Start of Task data

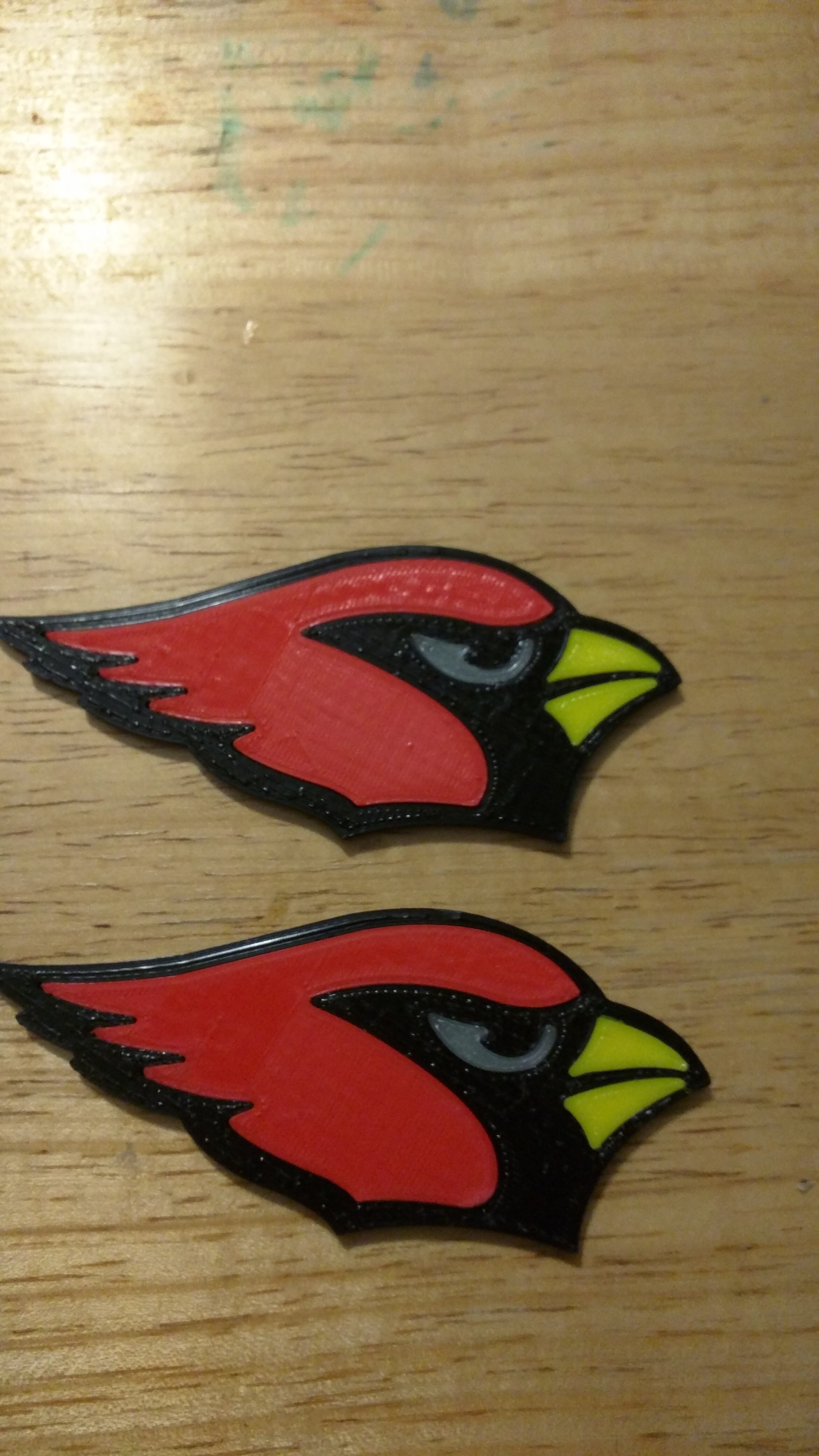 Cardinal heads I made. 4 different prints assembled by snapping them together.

End of Task data
Start of Task data

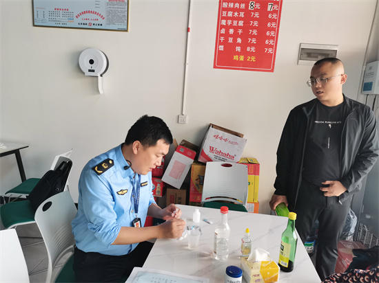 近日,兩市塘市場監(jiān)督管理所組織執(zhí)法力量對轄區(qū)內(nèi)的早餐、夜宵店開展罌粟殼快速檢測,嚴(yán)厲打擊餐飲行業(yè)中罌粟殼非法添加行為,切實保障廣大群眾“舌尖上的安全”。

End of Task data
Start of Task data

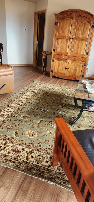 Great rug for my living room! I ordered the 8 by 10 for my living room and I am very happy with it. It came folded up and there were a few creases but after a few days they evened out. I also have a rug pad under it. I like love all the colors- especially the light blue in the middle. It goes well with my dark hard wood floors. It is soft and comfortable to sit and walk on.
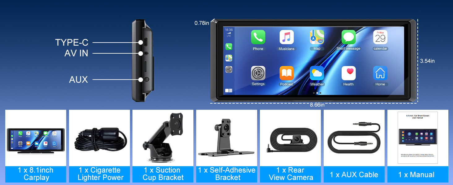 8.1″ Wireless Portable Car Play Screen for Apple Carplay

End of Task data

Above, find the line holding "Great rug for" and the line holding "8.1″ Wireless Portable". Print exactly those two lines and every line between them, but no pictures.

 Great rug for my living room! I ordered the 8 by 10 for my living room and I am very happy with it. It came folded up and there were a few creases but after a few days they evened out. I also have a rug pad under it. I like love all the colors- especially the light blue in the middle. It goes well with my dark hard wood floors. It is soft and comfortable to sit and walk on.
 8.1″ Wireless Portable Car Play Screen for Apple Carplay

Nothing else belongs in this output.